- Date: 23 May 1999 – 26 May 1999
- Location: La Chaussée Street, Port Louis, Mauritius
- Caused by: Angry supporters of Scouts soccer club
- Methods: rioting, looting, property damage, protests
- Result: 7 dead

= 1999 L'Amicale riots =

Sports riots in Mauritius

The 1999 L'Amicale Riots started in the evening of Sunday 23 May 1999 in Port Louis, the capital of Mauritius after angry supporters of Scouts Club vandalised several buildings as their team had lost a match against rival soccer club Fire Brigade. A few hours later a gambling house called L'Amicale caught fire, causing the death of seven individuals who were trapped inside. This example of football hooliganism became known as L'Affaire L' Amicale in the years following the original riots.

== Background ==
The soccer match between Fire Brigade versus Scouts Club ended by 17:00 at Anjalay Stadium in Belle Vue. The club Fire Brigade had won the game with a score of 1–0 after being awarded a controversial penalty. This triggered protests and incidents amongst the supporters of the rival teams who were present at Anjalay Stadium. Sugar cane fields were torched in rural areas. When the supporters returned to the capital city of Port Louis they vandalised a number of buildings including the office of Mauritius Football Association, Emmanuel Anquetil building and the Pope Hennessy Police Station.

By 19:00 a gambling house known as L’Amicale, located along Royal Street, became engulfed in flames with 275 people trapped inside after rioters threw "Cocktail Molotov " and fire bombs through the historic building's windows and cars on fire blocked all exits. Firefighters took hours to suppress the fire. Subsequently, inside the L'Amicale building seven badly burnt bodies were recovered. The victims were Yeh Lin Lai Yau Tim, Jean-Alain Law Wing, Eugénie Lai Yau Tim, Catherine Lai Yau Tim, Jeannette Ramboro, Krishna Luckoo, and Abdoo Hakim Fawzi.

Historically the Scouts Club had been known as Muslim Scouts Club as all players and most of its fans were Muslims. On the hand the Fire Brigade players and fans were mostly of Roman Catholic faith and of Creole ethnicity. Local authorities feared that the Port Louis riots would escalate into larger ethnic riots between Creoles and Muslims. Thus the government imposed an 18-month nationwide ban on all soccer games. Only the national team was allowed to play during this period.

==Aftermath of riots==
In protest against the deaths and violence thousands of Mauritians marched in the streets. In total 25 arrests were made by local police during the week following the riots.

On 20 November 2000 police charged four supporters of Scouts Club (Sheik Imram Sumodhee, Khaleeloudeen Sumodhee, Abdool Naseeb Keeramuth and Muhammad Shafiq Nawoor). They were subsequently tried and sentenced by judge Paul Lam Shang Leen to 45 years in prison for burning the L'Amicale gaming house, which caused the deaths of seven persons trapped inside.

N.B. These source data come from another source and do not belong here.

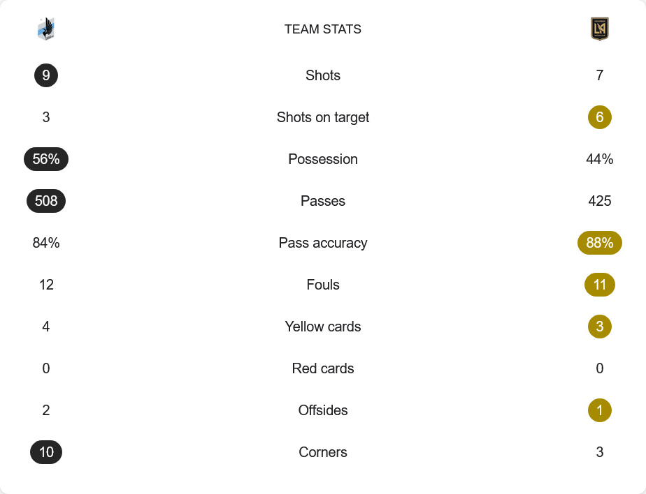 แม้มินนิโซตาจะครองบอลได้มากถึง 56% จ่ายบอลได้ 508 ครั้ง แต่ความแม่นยำยังน้อยกว่าแอลเอ เอฟซีที่แม่นถึง 88% แอลเอยิงเข้ากรอบ 6 ครั้งจากโอกาสทั้งหมด 7 ครั้ง ขณะที่มินนิโซตายิงเข้ากรอบแค่ 3 ครั้งจาก 9 โอกาส มินนิโซตาได้ลูกเตะมุมถึง 10 ครั้งแต่ไม่สามารถเจาะแนวรับทีมเยือนได้เลย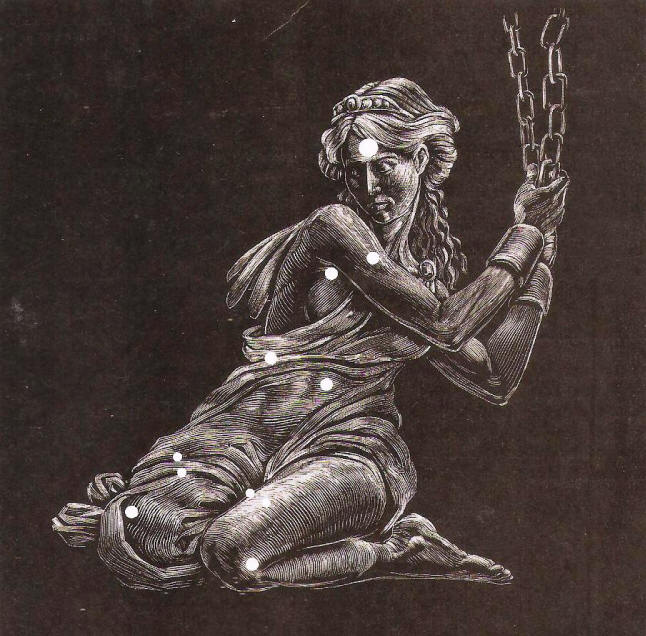 En la historia, fue la diosa Atenea la que conmemoró a la princesa Andrómeda al colocar su imagen entre las estrellas, junto a las constelaciones que representan a su esposo Perseo y su madre Casiopea.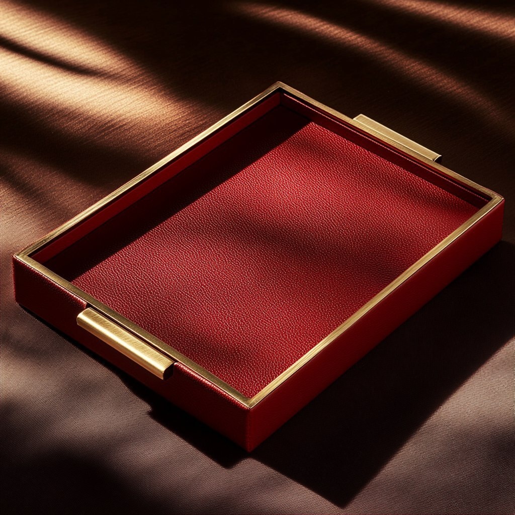 Создано на основе запроса: luxury jewelry storage tray, modern rectangular design with red leather exterior, sleek gold metal handle and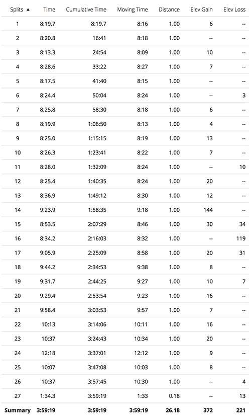 I came away from this race thinking four 50+ milers in 18 months was more than enough, and that maybe it was time to scale back a bit. Sure, conventional ultrarunning wisdom dictates that I take the next step up to 100K or even 100 miles, but I have no desire â I know I could persevere through 100 miles, but whatâs the point? Iâd much rather speed up again than slow down further, because I still believe itâs more difficult to run a fast marathon than a slow 100 miles. And I have no desire at this point to become an ultrahiker. I can see myself potentially stretching for 100K (and I have just the race in mind), but 100 miles ainât happening anytime soon. Though if Iâve learned one thing in my running career, itâs that I should never say never.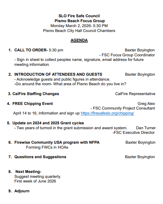 Pismo Beach Fire Safe Focus Group at City Hall Passcode: QT^F3HC%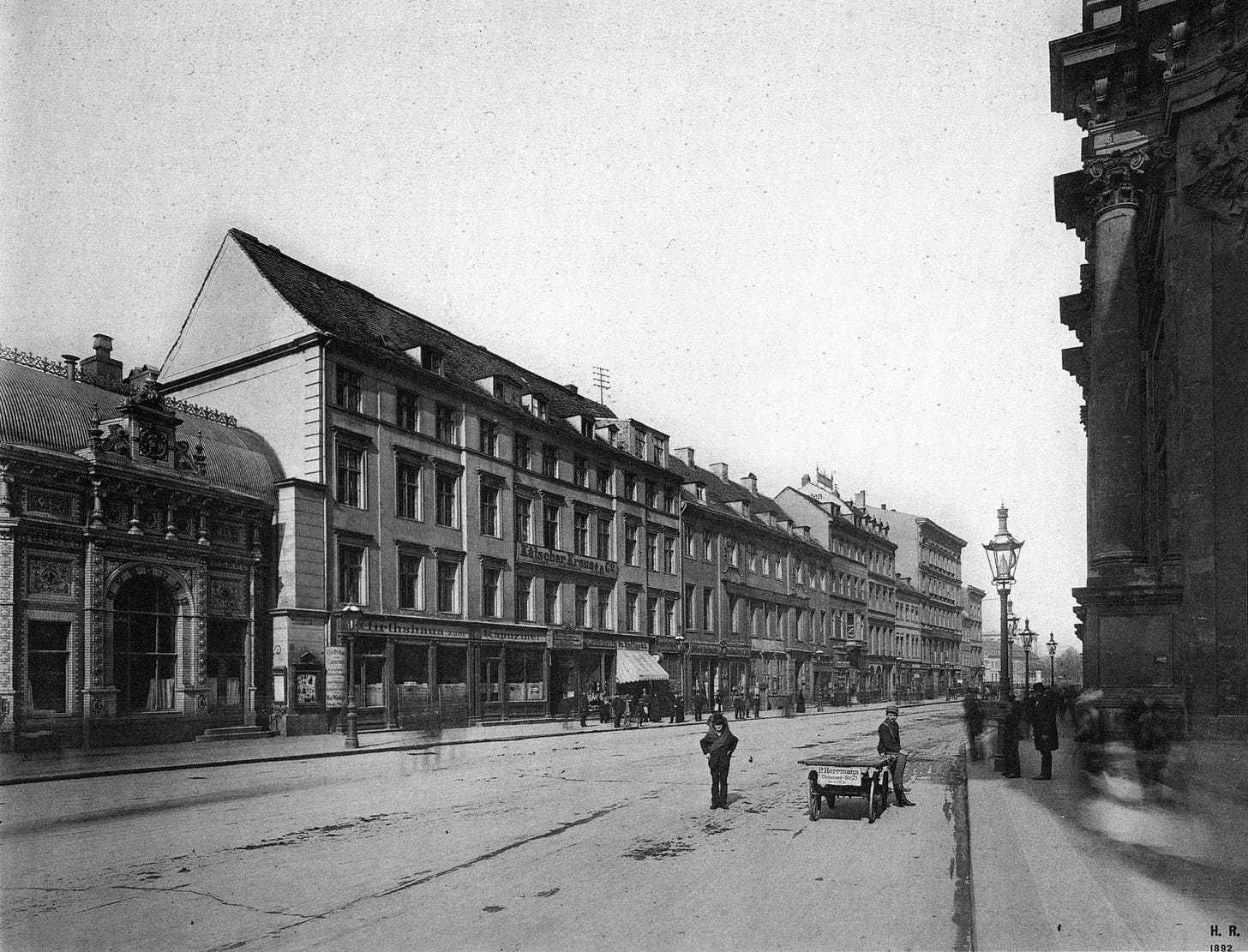 That is why the houses lining the street housed many a different trade, from wallpaper manufactures to (a bit later, of course) photo studios. But the most important ones were - and that from the go - public houses and cafes. In the 1860, the soon to become legendary Berlin coffee house, Café Josty (a popular pastry shop opened by two brothers Josty) moved here from around the corner. In the 1890s they would move again this time to their best-known location at Potsdamer Platz.

A group of 12 lawyers consisting of former attorney-general Rama Valayden, barrister Raouf Gulbul, Neelkanth Dulloo, Sanjeev Teeluckdharry, Sameer Hossenbaccus, Ravi Rutnah and 6 others compiled a report entitled Wrongfully Convicted which attempted to highlight flaws in the judgement against the Amicale Four. They released the report on 23 May 2013 in which they suggested that the arson of L'Amicale gaming house seemed to be the work of the Escadron de la mort (Squadron of Death), which was a gang of vigilantes who performed voluntary social work to combat drug traffickers but which had transformed into a radicalized sectarian group.

By 2015 their sentence was commuted to 18 years in prison by the Power Commission of Grace. Their release was scheduled for 17 March 2019 but in January 2018 their lawyers had sent a letter to Prime Minister Pravind Jugnauth to inform him of a “miscalculation of the prison administration.” The authorities thus granted their request. On 23 August 2018 the four convicted men were released from Riche Lieu Prison after spending 19 years there.

Given that several fires started simultaneously it is believed that they had been meticulously planned instead of being random events. As a result, firemen could not attend to all the sites at the same time as there were more than 100 calls asking for help. Rama Valayden has detailed other forms of evidence in his 2014 report Wrongly Convicted. Soon after their acquittal some of the four accused supporters of the Scouts Club received threats in order to discourage them from seeking justice.